EXERCISE BRIEF: Your output should consist of the lines from the first line of the records below through the one with "Rekonstrukcija ceste v Študi", exactly, minus the pictures.

RECORDS SHOWN:
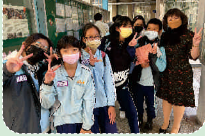
七年級夥伴與校長合影
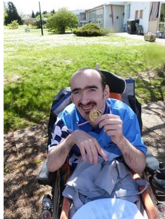
« ...une expérience à tenter que je referais volontiers »
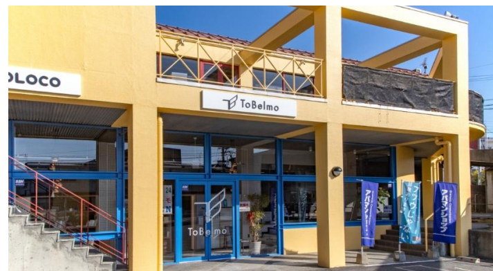
2023年8月「HIS すなば国 訪日レップオフィス」を開設 (コロナ後の鳥取県へのインバウンド誘客を再スタート)
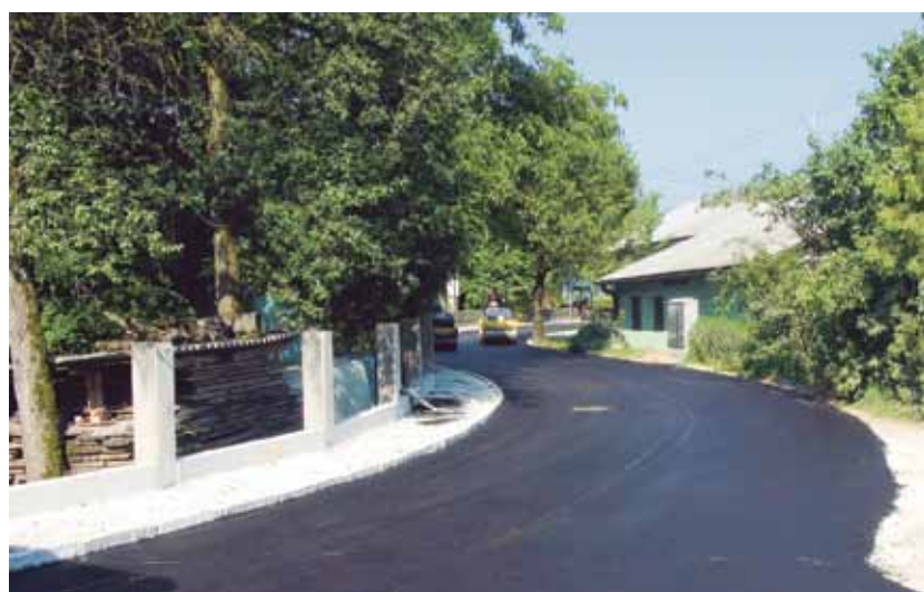
Rekonstrukcija ceste v Študi

Občina Domžale bo v okviru sredstev, pridobljenih iz Evropskega sklada za regionalni razvoj, operativnega programa krepitve regionalnih razvojnih potencialov 2007–2013, za obdobje 2012–2014, razvojne prioritete (razvoj regij, prednostne usmeritve: regionalni razvojni programi) pričela uresničevati s posegom 19 – to je ureditev poti okoli Šumberka. Predvidena je ureditev sprehajalne poti, počivališč, v kombinaciji z otroškimi igriščem, dostop do obeh rek ter krajinska ureditev obvodnega sveta. Trenutno poteka javni razpis. Gradnja bo potekala v poletnem času.
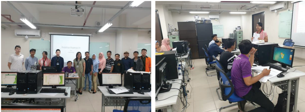
Gambar 1. Pelaksanaan Pelatihan Ms. Office Power Point

Pelatihan ini menggunakan modul yang dipersiapkan oleh tim. Modul pelatihan berisi tentang dasar-dasar Ms. Office Power Point , tool-tool yang ada, dan cara penggunaan Ms. Office Power Point untuk pembuatan presentasi. Dengan adanya modul pelatihan, peserta lebih mudah untuk memahami materi dan mendapat pedoman ke depannya dalam penggunaan Ms. Office Power Point . Gambar 1 menunjukkan situasi saat pelatihan berlangsung. Terlihat antusiasme dari para peserta pelatihan untuk mengikuti pelatihan dari awal hingga akhir. Berdasarkan kuesioner yang disebarakan terkait dengan penilaian terhadap materi, suasana, dan fasilitator yang menyampaikan, rata-rata nilai yang didapatkan adalah 4,7 (skala 1-5) yang berarti berada dalam range nilai baik-sangat baik.
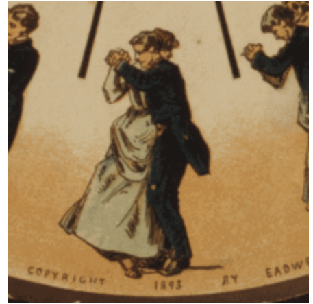
والس یک نوع رقص محلی

نوعی از رقص است که ریشه در فولکلور، عادات و سنن قومی و عشیره‌ای دارد. این نوع از رقص حاصل تداوم سنت بیان گروهی جامعه‌ای کوچک از مردمانی است که شادی و غم یا هر احساس دیگر مشترک جمعی را با زبان حرکت و ایماء و اشاره و در غالب حرکاتی موزون منتقل می‌کنند. رقص محلی در واقع راوی تجربه‌های جمعی عشایر و روستانشینان است. [۱] رقص‌های محلی و فولکلوریک در همه جوامع بشری یافت می‌شود و جزئی از میراث فرهنگی بشریت محسوب می‌شود.
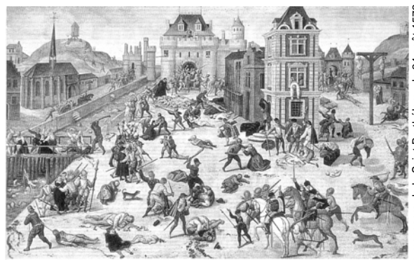
Le massacre de la Saint-Barthélemy, le 24 août 1572.

De 1562 à 1570, une terrible guerre civile (à l'intérieur d'un pays) opposa catholiques et protestants français. Le soir du 24 août 1572, jour de la Saint Barthélemy, le roi Charles IX autorisa l'exécution des chefs protestants : la nuit fut si sanglante qu'elle est appelée " massacre de la Saint-Barthélemy ".
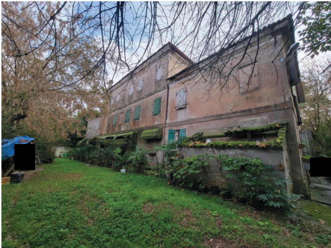
11 Veduta esterna da Nord-Ovest
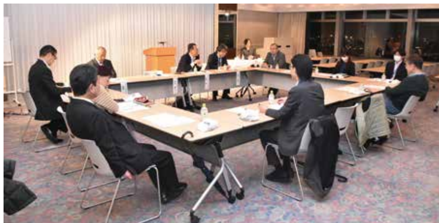
セッションの様子

「税の使い途をきちんと示してほしい」、「大変厳しい中小企業経営を税制度で支援してほしい」、「過去の社会情勢に基いて設計された年収の壁などは見直すべき」などの大変貴重なご意見を頂きましたので、これらを叩き台に提言を取り纏め、「東法連」に税制要望として提出するなど、提言活動を展開させていただきます。次回もより多くの皆様からご意見を頂きたく、法人会会員皆様の「バズセッション」への積極的なご参加をお待ち申し上げております。
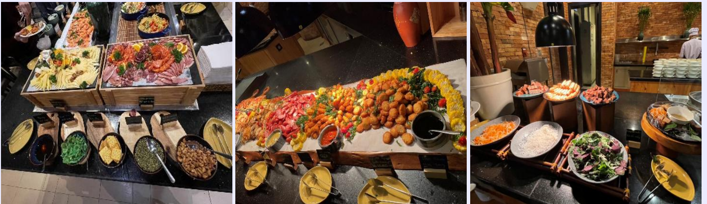
ที่พัก MERCURE DANANG FRENCH VILLAGE BANA HILLS HOTEL หรือเทียบเท่า ระดับ 4 ดาว

หมายเหตุ กรณีลูกค้าเดินทาง 3 ท่าน ห้องพักบนบานาฮิลล์ เป็นห้องแบบ FAMILY BUNK (เตียง 2 ชั้น 2 เตียง) โดยมีค่าใช้จ่ายเพิ่ม 1,500 บาท/ห้อง/คืน *** เนื่องจากห้องพักบนบานาฮิลล์ ไม่มีห้องพักบริการสำหรับ 3 ท่าน *** **สำหรับคืนที่พักบนบานาฮิลล์ โปรแกรมและคืนเข้าพัก อาจมีการปรับเปลี่ยนได้ ทั้งนี้ขึ้นอยู่กับการจัดการของโรงแรม ทางบริษัทสามารถสลับปรับเปลี่ยนได้ตามความเหมาะสม โดยไม่ต้องแจ้งให้ทราบล่วงหน้า**
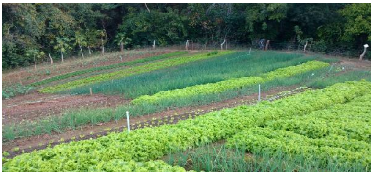
Figura 02 - Horta diversificada de agricultor familiar pertencente à ASPROHPEN

A figura que se segue ilustra a diversificação em uma das propriedades na comunidade de Planalto Rural.
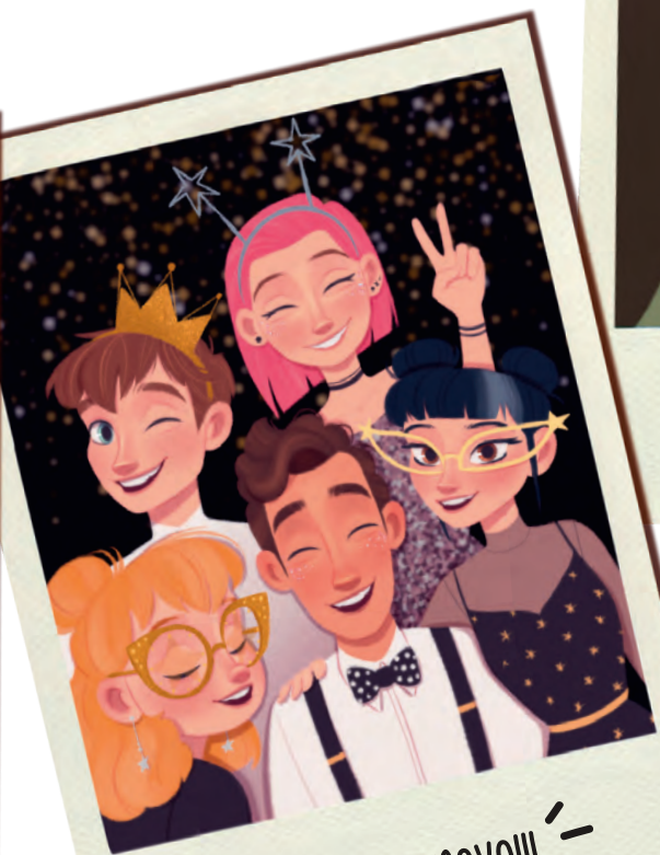
feliz ano novo!!!

ANSWER:
七年級夥伴與校長合影
« ...une expérience à tenter que je referais volontiers »
2023年8月「HIS すなば国 訪日レップオフィス」を開設 (コロナ後の鳥取県へのインバウンド誘客を再スタート)
Rekonstrukcija ceste v Študi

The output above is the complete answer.